Your task
Restate word for word the lines below that run from the one holding "Simbolinę atidarymo juostelę" through the one holding "在全球制造业增加值的排行榜上", inclusive. Pictures don't belong in the copy.

Given data
---
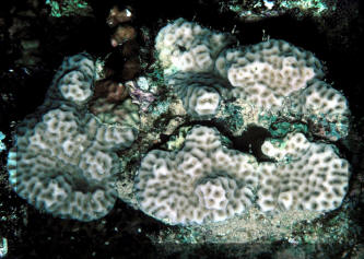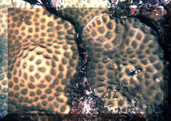 in its wide range. Colonies encrusting to hilly to columnar to boulder-like.
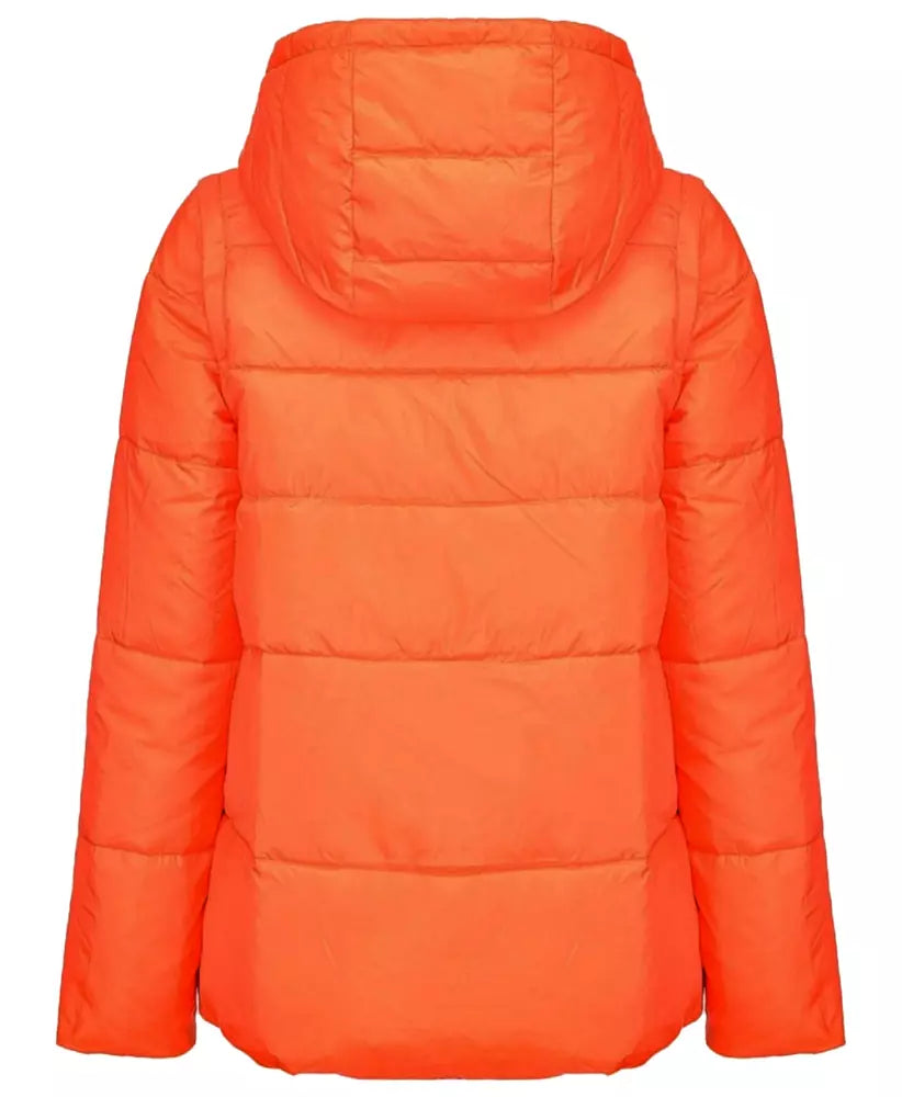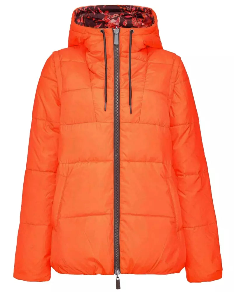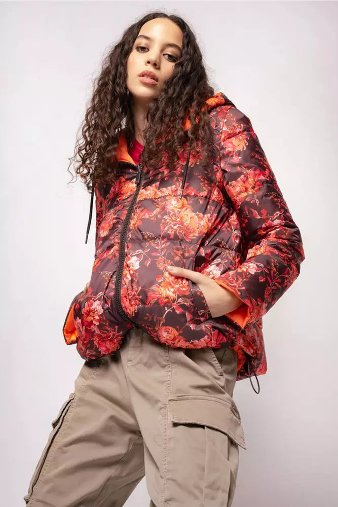 Step into versatility and style with this eye-catching reversible down jacket. Adorned with a vibrant orange hue on one side and an enchanting floral print on the flip, this jacket promises to be a statement piece in your wardrobe. The design includes four practical pockets, a zip closure for added warmth, and a snug hood for those chilly days. Unique detachable sleeves transform it effortlessly from a cozy jacket to a stylish vest, adapting to your fashion needs. Crafted with excellence in Italy, this jacket is a true blend of functionality and high fashion.
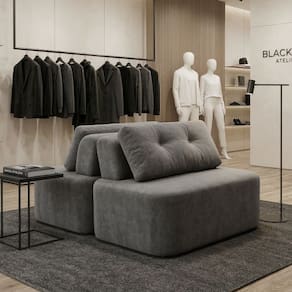O dimensionamento do Sofá Cielo foi planejado para oferecer ergonomia máxima sem comprometer a circulação do ambiente:
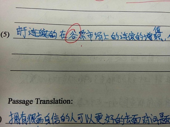 1. 語法問題。老生常談的問題,也是扣分最為厲害的部分(當然英譯漢不涉及語法問題),主要還是發生在漢譯英的時候,在此列舉些閱卷過程中學生所犯的典型錯誤。1) 前后時態不一致,There was a time when people love… 2) 動詞用法不到位,如:should to do/have grew等嚴重的錯誤。3) 前后不對等。如:Be more brave and more confidence,這里的brave是形容詞,confidence是名詞,顯然不對等。4)hard與hardly問題,有同學用It is hardly for them to…
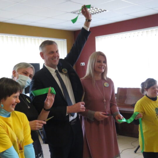 Simbolinę atidarymo juostelę perkirpo rajono savivaldybės meras Ramūnas Godeliauskas, Rokiškio socialinės paramos centro direktorė Jolanta Paukštienė ir padalinio vadovė Jūratė Dovydėnienė.
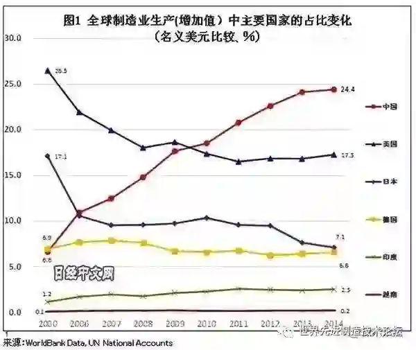在全球制造业增加值的排行榜上,中国领先美日德不是一点半点。即便去掉其中1/4的外资,也还是能压美国一筹。
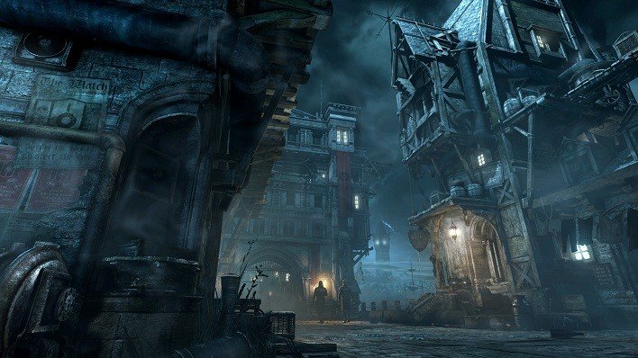 Gráficamente el juego no llega a lo esperado en la versión next-gen, y es que parece que su desarrollo en consolas anteriores ha penalizado la versión de PS4 que es la que he podido jugar. Cargas al traspasar ciertas zonas de la ciudad y personajes y modelados no demasiados vistosos que parecen, ya digo, propios de PS3 o Xbox 360. Eso sí, la ambientación está plenamente conseguida con un aire de steampunk victoriano, maquinaria y tecnología que concede al título un aire siniestro y depresivo que realmente le queda de fábula. Las zonas de iluminación son las que mejor se nota el motor gráfico del juego y como pasan a la penumbra con tan solo un click del interruptor o al apagar las velas. Todo ello envuelto con una buena banda sonora y unos efectos que nos ponen en aviso cuando la situación se va a convertir en tensa.
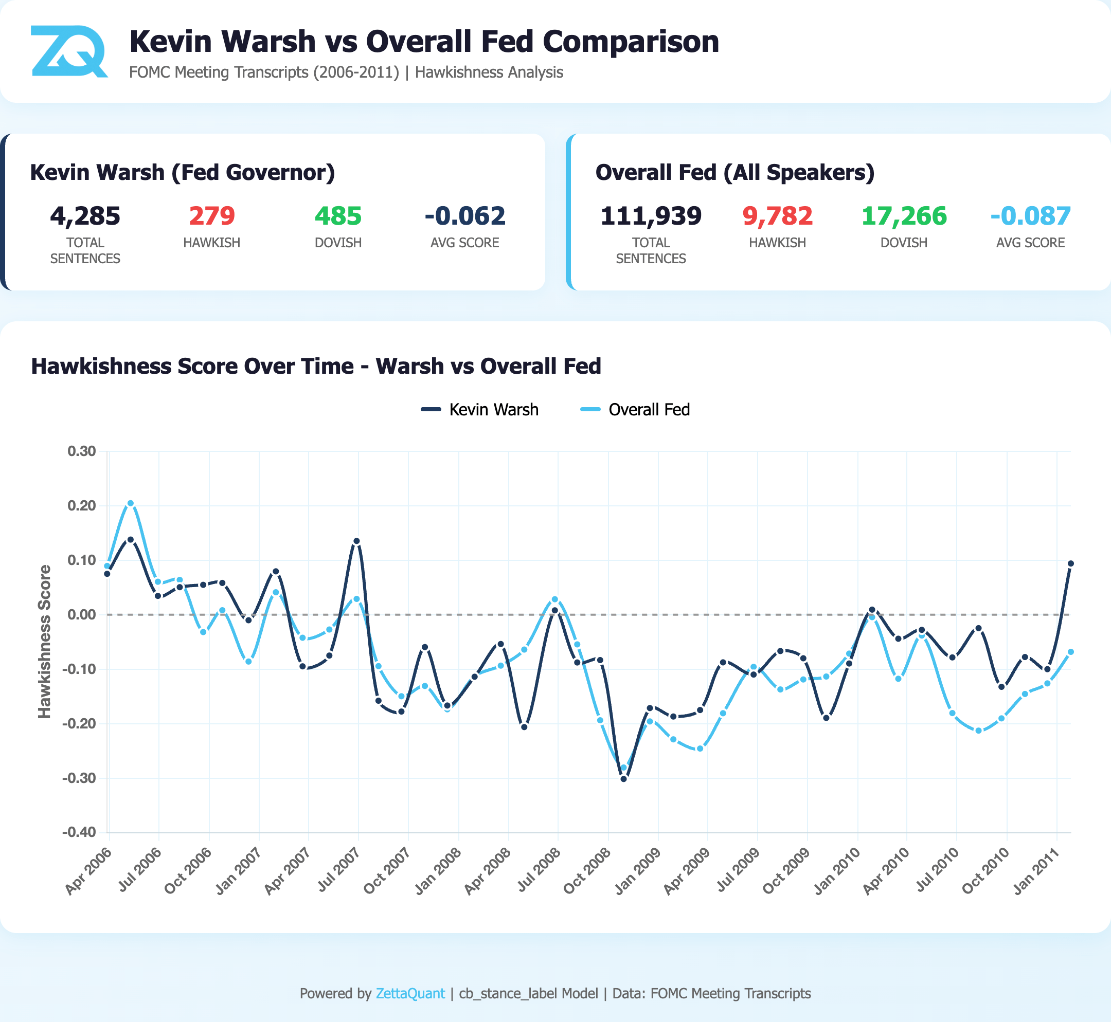 Analysis based on ~40 FOMC meeting transcripts from 2006–2011, covering the period when Kevin Warsh served as a Fed Governor, including the Global Financial Crisis.
---
Answer section
 Simbolinę atidarymo juostelę perkirpo rajono savivaldybės meras Ramūnas Godeliauskas, Rokiškio socialinės paramos centro direktorė Jolanta Paukštienė ir padalinio vadovė Jūratė Dovydėnienė.
在全球制造业增加值的排行榜上,中国领先美日德不是一点半点。即便去掉其中1/4的外资,也还是能压美国一筹。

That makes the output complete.